Comtoyou Racing
- Founded: 2014
- Base: Gembloux, Belgium
- Team principal(s): Jean-Michel Baert
- Current series: GT World Challenge Europe Sprint Cup GT World Challenge Europe Endurance Cup DTM
- Former series: TCR Europe Touring Car Series World Touring Car Cup TCR International Series Fun Cup ADAC TCR Germany Touring Car Championship
- Current drivers: Nicolas Baert Kobe Pauwels Nicki Thiim Marco Sorensen Mattia Drudi AJ Muss Felice Jelmini Kyle Marcelli Marcelo Tomasoni Sébastien Baud Oliver Soderstrom Arthur Dorison Lance Stroll Baudouin Detout Sarah Bovy Xavier Knauf Gregory Servais Sérgio Sette Câmara
- Website: http://www.comtoyouracing.com/

= Comtoyou Racing =

Belgian auto racing team

JNVS Sprl, competing as Comtoyou Racing, is a Belgian auto racing team based in Gembloux, Belgium.

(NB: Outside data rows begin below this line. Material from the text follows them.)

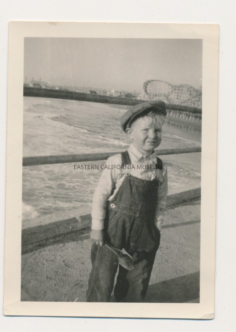 1991.13.1.125--Little boy standing in front of the ocean and what is likely Santa Monica Pier (rollercoaster in background). Photo printed by Stark Photo Service in Pomona.
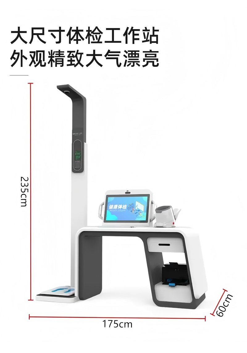 健康驿站体检一体机智能体检设备HW-V2000S是一款功能全面、智能化程度高、适用于多种场景的健康检测设备,具备高精度检测、便捷操作、数据智能管理、智能互联等优势,但价格相对较高。 以下是详细介绍:
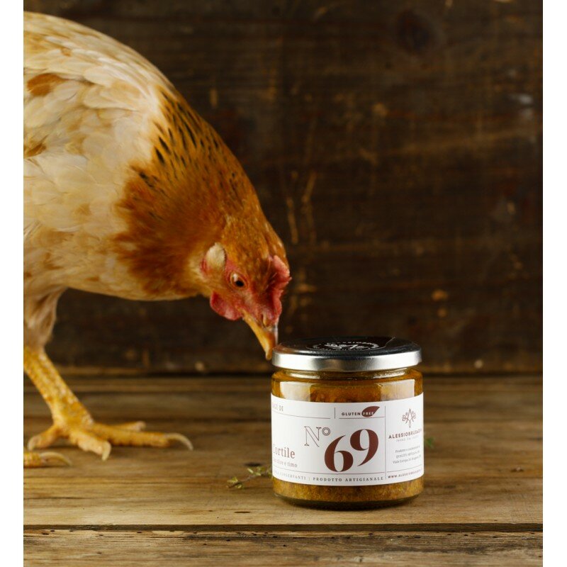 Ingredients: guinea fowl (26%), chicken 26%, turkey 26%, celeriac, carrot, celery, shallot, red wine , black olives, olive oil, thyme, salt and black pepper
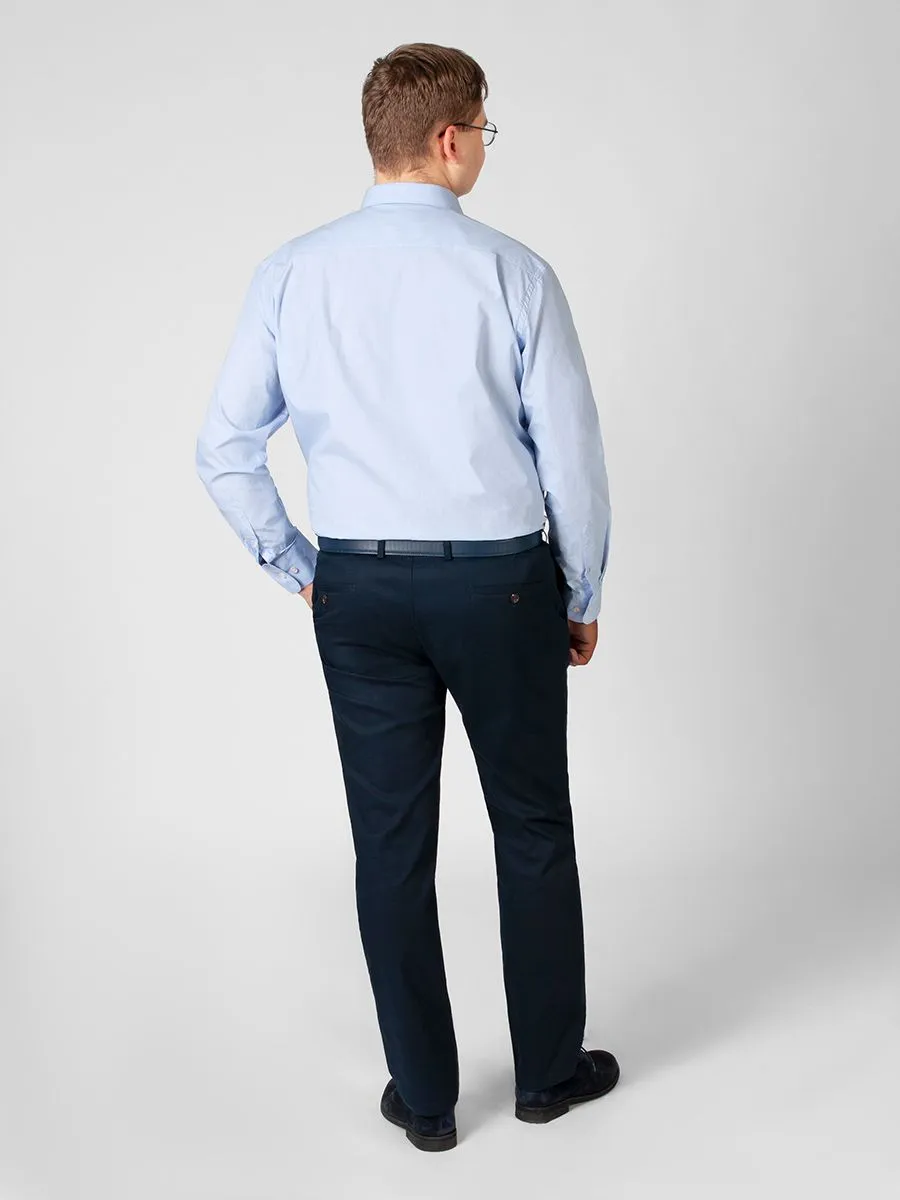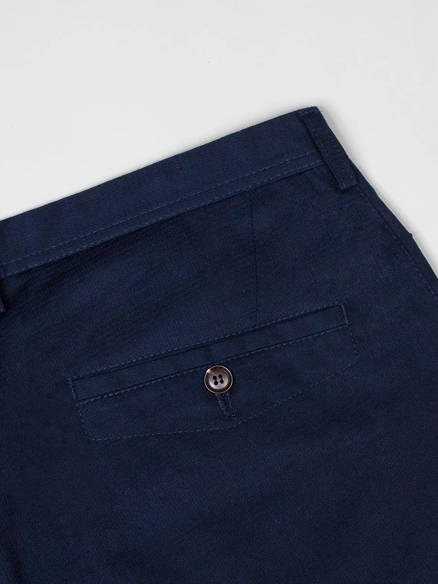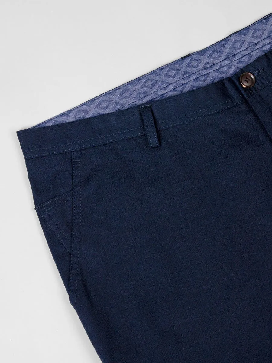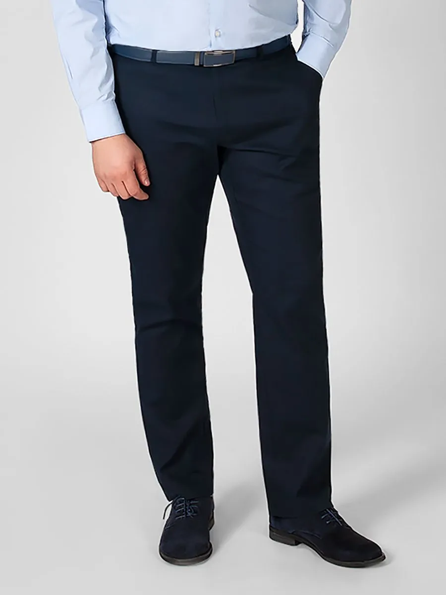 Универсальные хлопковые брюки Peplos в стиле Casual из ткани с мелкой фактурой темно-синего цвета могут стать отличной основой мужского гардероба. Внутренние отделки из хлопка с геометрическим принтом и стильные удобные карманы по бокам хорошо дополняют брюки. Задние карманы сшиты с листочкой и декоративной строчкой, по форме напоминающей клапан. Данная модель имеет умеренно узкую ширину брюк внизу.

Upon its creation the team raced in the Fun Cup. The team has also previously raced in the TCR International Series in 2017. Between 2018 and 2023, Comtoyou Racing represented Audi Sport in the World Touring Car Cup. From 2024 onwards, the team will race Aston Martin cars in various GT3 and GT4 championships.

==Racing history==

===2014–16: Fun Cup===

Having first entered the championship in 2014, the team raced in the series for many seasons with four or five cars. Having taken many great results, the team kept entering the series for many years. However, the team have never won the championship as of 2016.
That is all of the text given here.